= Willem Kuyken =

British-Dutch scientist

Willem Kuyken (born 6 May 1968) is a British-Dutch clinical psychologist and scientist. He is the Ritblat Professor of Mindfulness and Psychological Science at the University of Oxford and Director of the University of Oxford Mindfulness and Psychological Science Research Centre. His research focuses on the prevention and treatment of depression and the development, evaluation, and implementation of cognitive-behavioural and mindfulness-based interventions.

==Early life and education==

Kuyken was born in Neath, Wales on the 6th May 1968, the youngest of three children, to Dutch parents. His father was raised in Indonesia, and worked as an engineer. His mother was raised in Venlo in the South of Holland, and was a nurse. He spent his childhood until age 9 in Nigeria before moving to the UK.

Kuyken was educated at Winchester College, University College London (BSc Psychology, 1989) and the Institute of Psychiatry, Psychology and Neuroscience, King's College London (PhD, 1992), before training as a clinical psychologist at the Salomons Clinical Psychology Training Centre (Doctorate in Clinical Psychology, 1997).

==Career and contributions==

Kuyken's research focusses on depression, particularly its prevention, recurrence and long-term course, and the development and evaluation of psychological interventions.

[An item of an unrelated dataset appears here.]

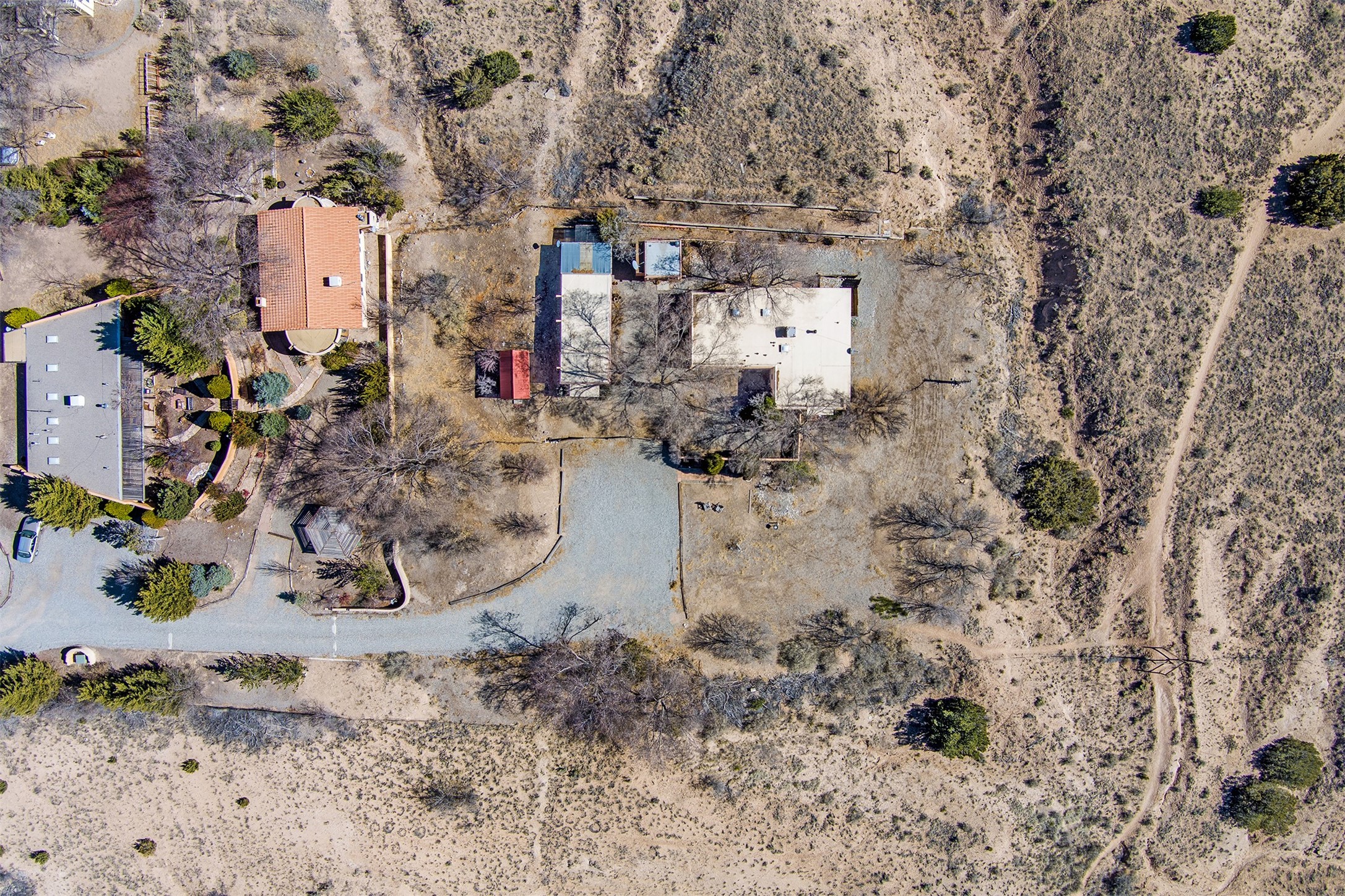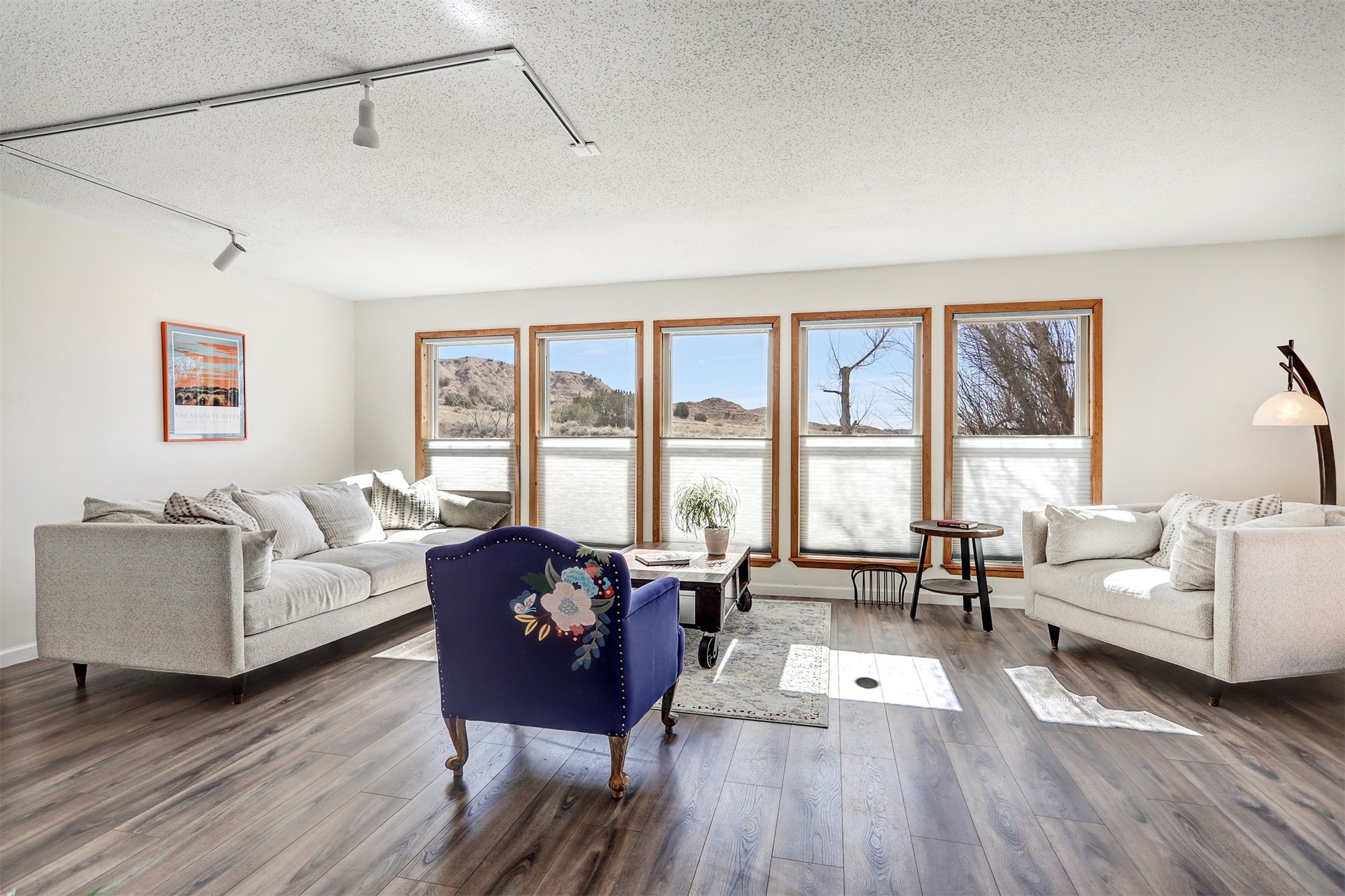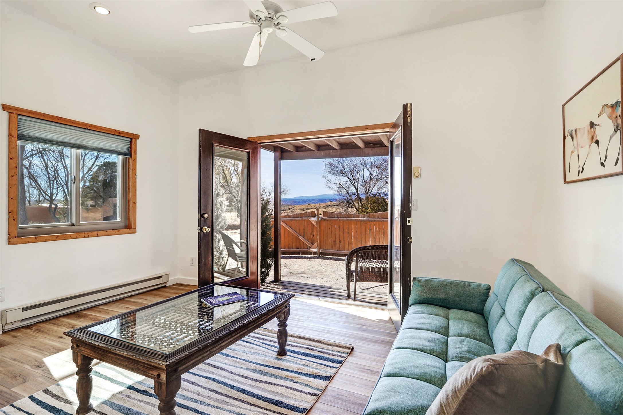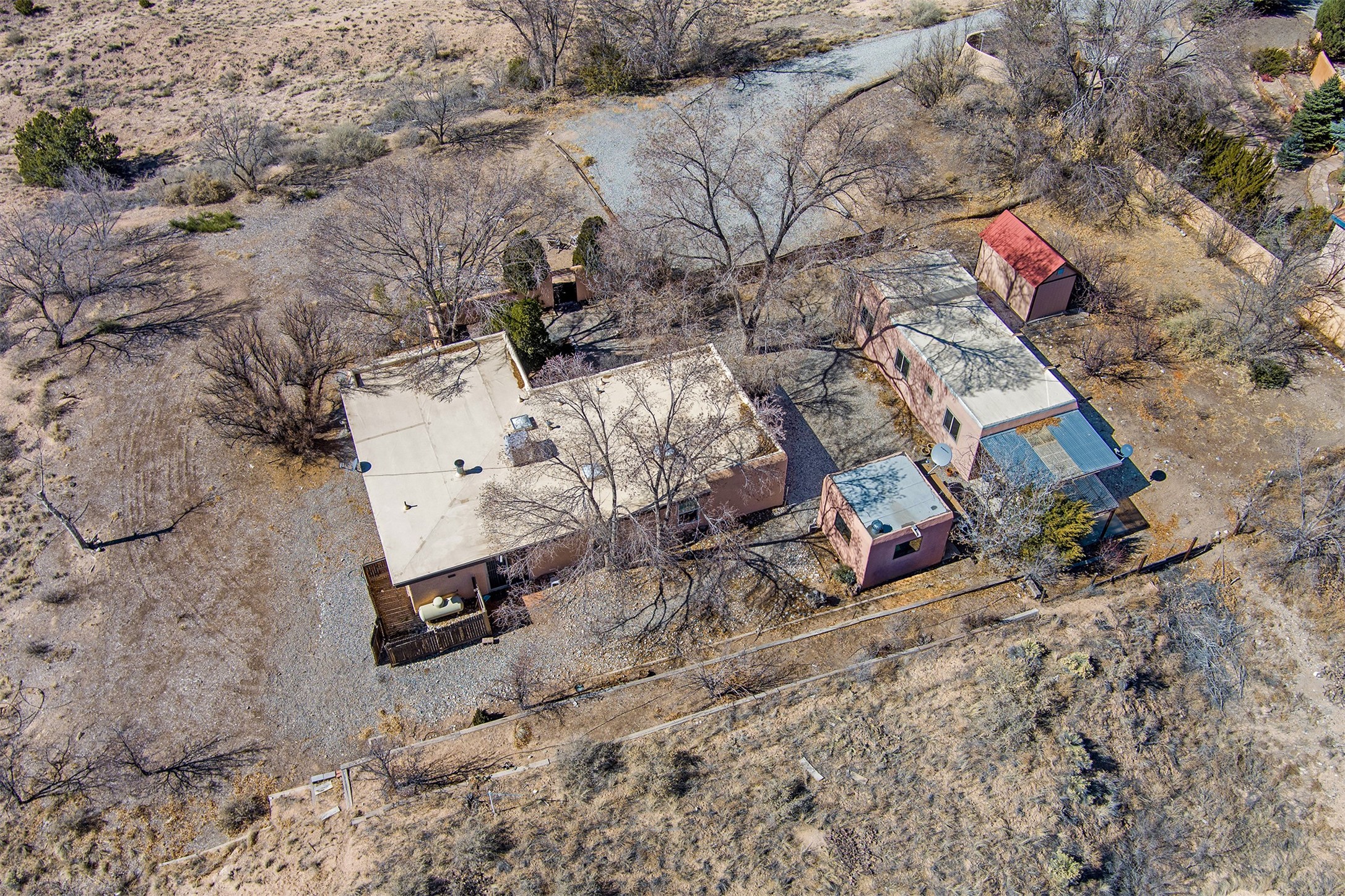 This charming, well-maintained, bright and airy Pueblo-style home is move-in ready and offers a unique blend of tranquility and modern upgrades. Nestled at the end of a private driveway, this 3-bedroom, 2-bath main house comes with a detached 1-bedroom, 1-bath casita, providing privacy and flexibility for guests or potential rental income. Surrounded on two sides by a 600-acre wildlife preserve, the home offers a peaceful retreat with stunning Jemez Mountain views and direct access to miles of hiking trails. Despite its serene setting, it is conveniently located just 20 miles from Santa Fe and Los Alamos.The main house has been thoughtfully updated in 2022 with a new TPO roof, elastomeric stucco painting, a new evaporative cooler, new Andersen windows with stylish new window treatments, a new soapstone wood stove for cozy winter nights, new wood laminate flooring in the living room, and newer carpeting in the bedrooms. Skylights in each bedroom enhance the natural light, creating a warm and inviting atmosphere.The detached casita, approximately 600 square feet, features high ceilings, a private patio, and a fresh modern feel. Recent updates include a new TPO roof, new windows, new wood laminate flooring, and fresh paint, making it a perfect retreat for guests, a rental, or a studio space.Between the main house and the casita, a small detached studio (approximately 120 sq. ft.) offers endless possibilities as a home office, yoga space, or artist's studio. While this unheated building with 220 electric is not included in the total square footage, it adds valuable flexible space.The enclosed courtyard is landscaped with mature trees that provide refreshing summer shade, while the low-maintenance design ensures easy upkeep. Additionally, an insulated storage shed provides extra space for tools and outdoor gear.Offering a rare combination of privacy, stunning natural surroundings, and modern updates, this peaceful oasis is the perfect place to call home.

His work integrates clinical psychology, cognitive-behavioural therapy, and mindfulness-based approaches, drawing on both psychological science and contemplative traditions.

A central theme of Kuyken’s work is the challenge of implementation: how evidence-based interventions for depression and mental health can be delivered at scale and made accessible across populations and settings, including schools, healthcare systems, and communities.

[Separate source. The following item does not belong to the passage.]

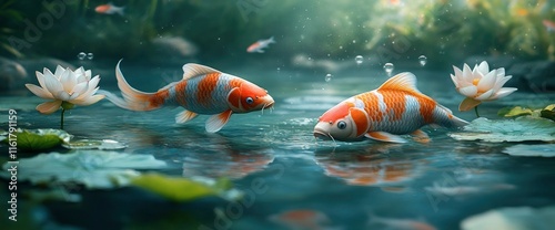 © AIFusion, Fototapeta premium Serene Koi Pond Two Orange and White Koi Fish Swimming Amongst Water Lilies
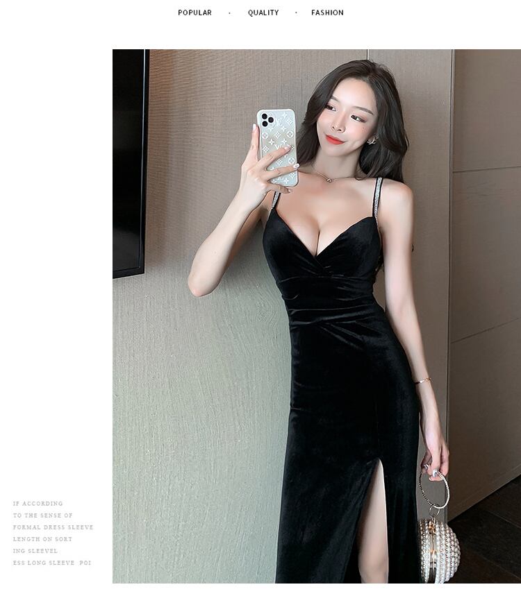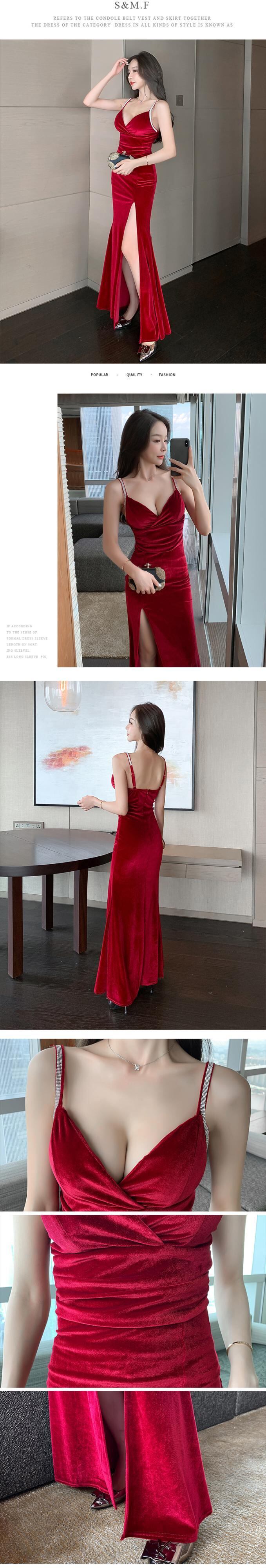 イブニングドレスロングドレスナイトクラブレディースナイトバンケット気質セクシーなローカットVネックゴールドベルベットサスペンダードレス micat20886938016

Before taking up his post in Oxford in 2014, Kuyken was Professor of Clinical Psychology at the University of Exeter. There he led a clinical research group (2001–2010), co-founded (with Ed Watkins) the Wellcome Mood Disorders Centre (2004) and established (with Alison Evans) the Masters in Mindfulness-based Cognitive Therapies (2008) and Mindfulness Network (2012). He also directed the clinical psychology training programme (2001–2004).

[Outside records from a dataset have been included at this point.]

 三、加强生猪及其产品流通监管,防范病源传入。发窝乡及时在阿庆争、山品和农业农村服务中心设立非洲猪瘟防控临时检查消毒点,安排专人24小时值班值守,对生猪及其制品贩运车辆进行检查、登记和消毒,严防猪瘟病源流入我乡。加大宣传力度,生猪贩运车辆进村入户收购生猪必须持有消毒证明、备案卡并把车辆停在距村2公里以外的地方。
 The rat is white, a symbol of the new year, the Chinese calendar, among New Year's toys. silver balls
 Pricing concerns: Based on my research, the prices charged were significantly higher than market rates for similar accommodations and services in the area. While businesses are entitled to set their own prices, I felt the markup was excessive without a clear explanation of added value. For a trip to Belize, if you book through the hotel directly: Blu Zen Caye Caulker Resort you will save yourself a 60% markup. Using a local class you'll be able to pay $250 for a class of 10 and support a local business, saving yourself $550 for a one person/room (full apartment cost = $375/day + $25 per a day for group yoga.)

He worked in two Postdoctoral Fellowships: a research fellowship at the World Health Organization project managing the development of the World Health Organization Quality of Life Assessment (WHOQOL; 1992–1994) and a clinical research fellowship at the University of Pennsylvania/Beck Institute working with Aaron T. Beck (1998–1999).

He was the recipient of the British Psychological Society May Davidson award in 2006. He was a faculty member of the 2014 Mind and Life Summer Research Science Institute and a grandfathered Diplomate and Fellow of the Academy of Cognitive Therapy.

At the University of Oxford Kuyken has led and co-led major research programmes, including the MYRIAD project (with Mark Williams, Sarah-Jayne Blakemore and Tim Dalgleish) a programme of research on mindfulness in education (2014–2022). He is Principal Investigator of the University of Oxford Mindfulness and Psychological Science Research Centre.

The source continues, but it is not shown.